CORRESP 1 filename1.htm SEC Response Letter

VS HOLDINGS, INC.

2101 91st Street

North Bergen, New Jersey 07047

October 14, 2009

H. Christopher Owings

Assistant Director

United States Securities and Exchange Commission

100 F Street, NE

Washington, D.C. 20549

 

  Re: VS Holdings, Inc.

Amendment No. 3 to Registration Statement on Form S-1

Filed September 30, 2009

File No. 333-160756

Annual Report on Form 10-K/A for the Fiscal Year Ended December 29, 2008

Filed September 30, 2009

Quarterly Report on Form 10-Q/A for the Period Ended March 28, 2009

Filed September 30, 2009

Quarterly Report on Form 10-Q/A. for the period ended June 27, 2009

Filed September 30, 2009

File No. 333-134983-02

Dear Mr. Owings:

On behalf of VS Holdings, Inc., a Delaware corporation (the “Company”), and pursuant to the applicable provisions of the Securities Act of 1933, and the rules promulgated thereunder, please find enclosed for filing with the Securities and Exchange Commission (the “Commission”), a complete copy of Amendment No. 4 (the “Amendment”) to the above-captioned Registration Statement on Form S-1 of the Company, filed on July 23, 2009 (as amended, the “Registration Statement”). A copy of the Amendment has been manually signed in accordance with Rule 302 of Regulation S-T and the signature pages thereto will be retained by us for a period of five years.

The Amendment reflects certain revisions to the Registration Statement in response to the comment letter to Mr. James M. Sander, the Vice President, General Counsel and Corporate Secretary of the Company, dated October 9, 2009, from the staff of the Commission (the “Staff”). In addition, the Amendment updates certain of the disclosures contained in the Registration Statement. The numbered paragraphs below set forth the Staff’s comments together with our responses. Unless otherwise indicated, capitalized terms used herein have the meanings assigned to them in the Registration Statement.


H. Christopher Owings

United States Securities and Exchange Commission

October 14, 2009

Page 2

Amendment No. 3 to Registration Statement on Form S-1

Prospectus Summary, page 1

 

1. Staff’s comment: We acknowledge the supplemental materials that you furnished to us in response to comment two of our letter dated September 25, 2009. However, it is not apparent from the census information that you provided the manner in which you determined the number of persons age 50 and older for 2008 and 2018, or the overall population growth rate during that period of time. In addition, it does not appear that you provided the documentation in which NBJ states that the VMS industry is highly fragmented, with no single industry participant accounting for more than 4% of industry sales in 2007. Please provide this information, appropriately marked to highlight the sections relied upon.

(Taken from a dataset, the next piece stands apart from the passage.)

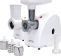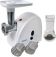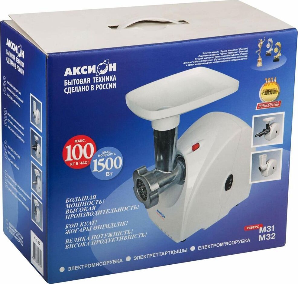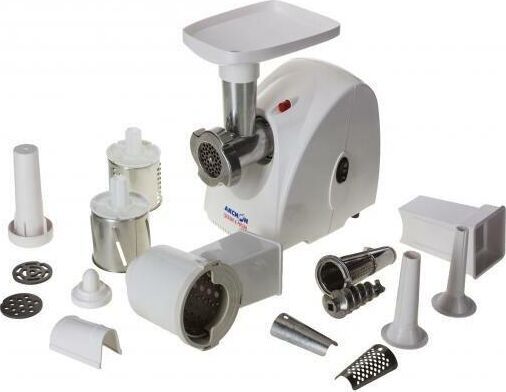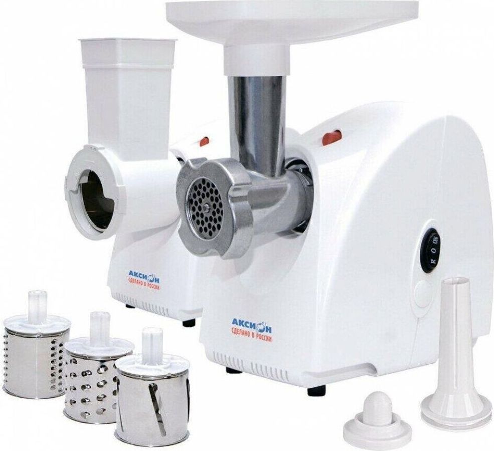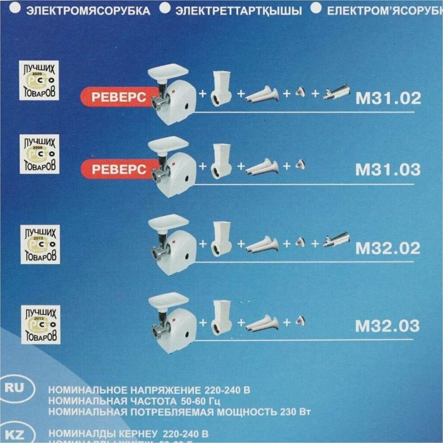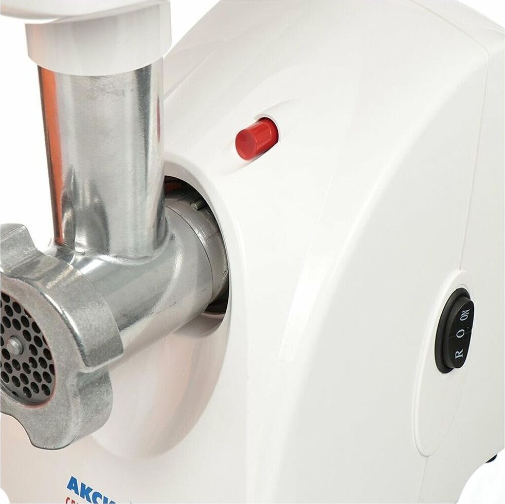 Макс. мощность 1500 Вт, номинальная мощность 230 Вт, производительность — до 100 кг/час, Защита двигателя от перегрузки; 3 вида решеток для получения фарша разной консистенции - с диаметром отверстий 4,9 мм и 7 мм, а также овальными отверстиями; Удобное хранение ножей и решеток; Высокое размещение шнековой камеры; Функция РЕВЕРС для предотвращения наматывания жилок на шнек; Устойчивые нескользящие ножки для фиксации мясорубки на поверхности стола.

Response: In response to the Staff’s comment, the Company advises the Staff that it is providing the Staff supplementally herewith materials clarifying the census information used by the Company to determining the number of persons age 50 and older for 2008 and 2018 and the overall population growth rate during that period of time. In addition, the supplemental materials show the analysis used by the Company to support its assertion that the VMS industry is highly fragmented.

 

2. Staff’s comment: We note your response to comment three in our letter dated September 25, 2009. The information presented, however, continues to be duplicative and in many cases verbatim information that is properly presented in the latter parts of the prospectus. Please revise to provide a brief overview of the key aspects of the offering. We particularly note your industry description, your competitive strengths and your description of management in two places. We also note that you have different dollar amounts regarding sales of nutritional supplements on pages 1 and 50.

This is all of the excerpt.